We have a Pontiac Montana minivan with a towing package.  The manual says we can pull 3500 lbs.  The lite weight travel trailer we have looked at has a total dry weight of approx. 3300 which includes all the options.  If we have the proper hitch, sway bars, etc., what is your opinion as to whether we can pull this trailer.  We really like our Montana and would prefer not to get a different vehicle.  We have never pulled a trailer and so do not have any experience on this subject.  Thanks for any advice you can give us.


----------



## Gary B (Nov 1, 2003)

Towing weight ?

Hi bbyrd, you already are at your towing wt. with nothing in the trailer, adding water, food clothing, and any comfort items / chairs, tv dvd vcr, grill etc can easily add 800 to 1000 lbs to your load, plus gas for the tow vehicle and any passengers. Good luck with your search and a big welcome to the forum & RVing.    :bleh:  :approve:


----------



## hertig (Nov 3, 2003)

Towing weight ?

First of all, don't accept that dry weight as gospal until you verify it on the scales.  It may be right, if it really includes 'all options', but sometimes it is not accurate as additional options were added after the dry weight was listed.  Second of all, that towing capacity of your van is probably for a van with no options, no cargo, no passangers, a 150 lb driver and a gallon of gas.  You need to find what the actual weight of your van loaded for travel is (need the scales again).  Then you subtract that weight from the stated GCVW (combined vehicle and trailer weight limit) to find out what you can REALLY tow.

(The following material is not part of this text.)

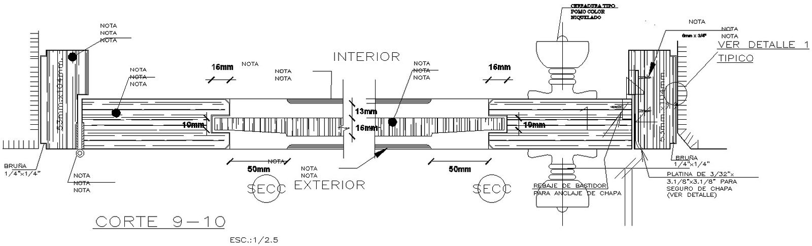 This architectural drawing is Horizontal cut 9-10 of structural member in detail AutoCAD drawing, dwg file, CAD file. In this drawing there were reduction of frame for sheet metal anchorage, Nickle-plated color knob lock, interior and exterior section etc. are given with details. For more details and information download the drawing file.

Also, be aware that the trailer adds some weight to the van.  You also need to make sure that this 'toungue weight' and the weight of the hitch/bar/etc do not cause you to exceed the GVWR or the maximum rear axel weight of the van.

It is better to look at the GVWR of a trailer when matching it with a tow vehicle.  Dry weight is not always accurate, and does not include anything which makes the trailer usable, like Gary said.


----------